Israel’s objectives for the war were originally based on the Haganah’s 1946 Plan and instituted by David Ben-Gurion.[17] The plan called for the rapid mobilization of forces to fight against the perceived greatest threat, invasion from the surrounding Arab states. By using the 1946 Plan, Ben-Gurion hoped to secure the land allotted to Israel in the UN Partition Plan. As the war went on, the strategic objectives changed slightly with the introduction in March 1948 of Plan Dalet (Plan D).[18] Instead of simply holding political boundaries, the plan now commanded Israel’s forces to work remove Arabs from Jewish-controlled territory, defend Jewish enclaves in Arab territory, and to cross seize Arab territory at particular positions for strategic advantage. A possible reason for the change is given by historian David Tal, who points out that it was probably a response to the stiffer resistance from Palestinians and a general desire to put Israeli forces in the most defensible positions.[19] Yet, as Tal also points out, this strategic plan has never been without some controversy, particularly the aspect of forced movement.[19]

Palestine change

The principal objective for the Palestinians, as expressed by the Arab Higher Committee, was the creation of a unitary Arab state in Palestine.[10]

Transjordan/Jordan change

While Transjordan ostensibly agreed with the rest of the Arab League in creating an Arab state in Palestine, that seems to have not been Transjordan’s ultimate goal. According to the records of Transjordan, King Abdullah, Transjordan’s Hashemite (royal family) monarch, was interested in using the war as an excuse to put Palestinian Arabs under Jordanian control.[20] This would then put him into a position to seize Syria and create a Greater Syria. This means that Transjordan’s objectives were seemingly in opposition to those Syria, Lebanon, Egypt, and the Palestinians themselves.[21]

Syria and Egypt change

Like Transjordan, both Syria and Egypt supported creating a single Arab state in Palestine. There reasoning, however, was more about stopping the expansion of the Jordanians, who both nations feared (should Transjordan acquire the region’s territory).[21]

Course of the War change

Phase 1: The Civil War change

The first part of the conflict pitted the Yishuv’s forces against those of the Palestinian’s Arab Higher Committee. The civil war began with three days of strikes on November 30, 1947. It then transitioned into a guerrilla campaign against Jewish transportation of supplies. In January 1948, the Arab Liberation Army entered Palestine.[21] This stiff resistance caused the Israelis to adapt their plan and to introduce Plan Dalet. On April 5th, the Haganah launched Operation Nahshon, a fifteen day operation to secure routes to Jerusalem by seizing hills along the main roads. After the success of Operation Nahshon and smaller Jewish offensives, Palestinian resistance began to wane.[22]

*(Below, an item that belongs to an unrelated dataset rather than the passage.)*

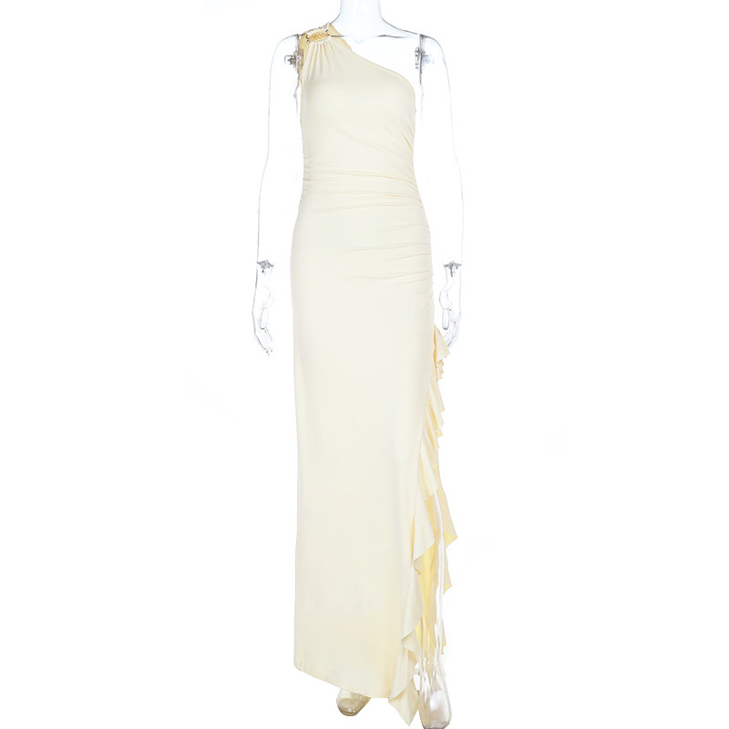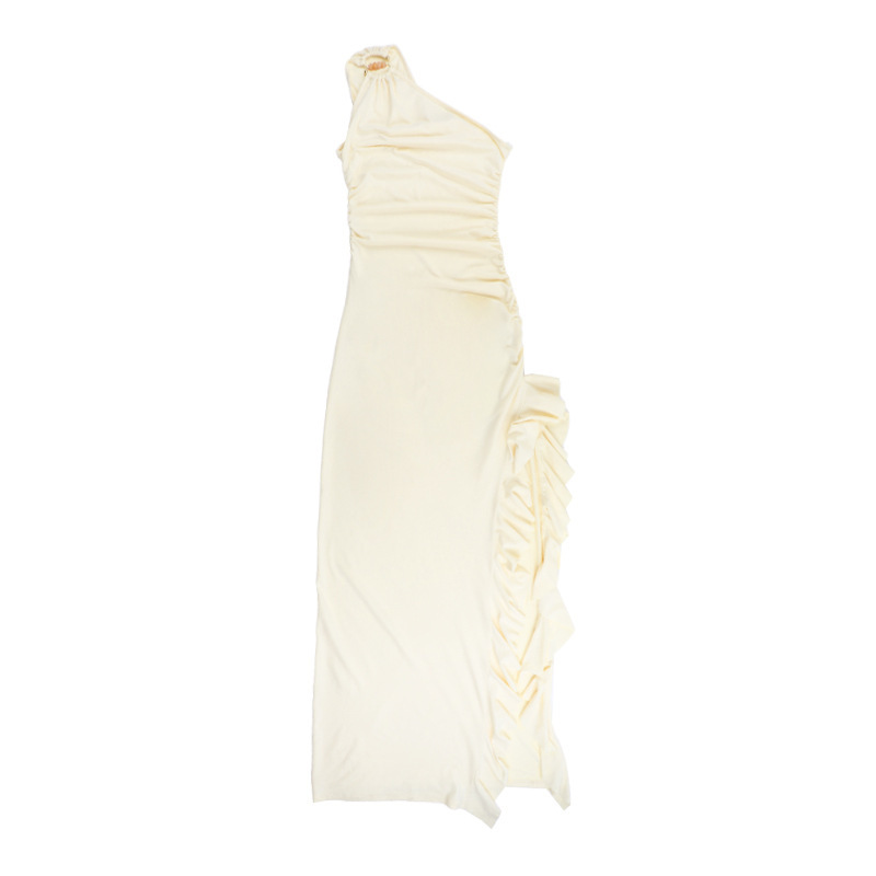 0 Review for Women's Slant-Shoulder Ruffle-Front Split Dress

Phase 2: The Arab League Countries Invade change

The second part of the conflict began with the invasion of Egypt, Iraq, Transjordan, Lebanon, and Syria in May 1948. Each invasion force essentially entered Palestine on the nearest border. Fighting in the West Bank and around Jerusalem dominated this phase of the war. Jewish forces moved into Jerusalem to secure the western section of the city.[23] To shore up this position, Israeli forces also tried to seize Latrun, a hill to the north of Jerusalem. This proved unsuccessful. In other areas, the Israelis found greater success. Two Egyptian forces, one moving along the coast and the other across the Negev towards Jerusalem, were both halted. The Iraqi force was repulsed. Though Syrian and Lebanese forces made an advance into Israeli territories, Israelis made counter advances into Syrian and Lebanese territory. Fighting was brought to an end by a UN truce on June 11.[24]

Phase 3: Israeli Push Against Transjordans change

On July 9th, the Israelis launched a new series of operations against the Jordanians in the West Bank. The hope was to end the conflict in this front against what Israelis considered to be the most well-trained and equipped Arab army, Transjordan’s Arab Legion.[25] The offensives were largely a success and although other Arab nations tried to take advantage of Israel’s focus on the West Bank, their advances were minimal. This phase of the war ended with another truce on July 18, 1948.[26]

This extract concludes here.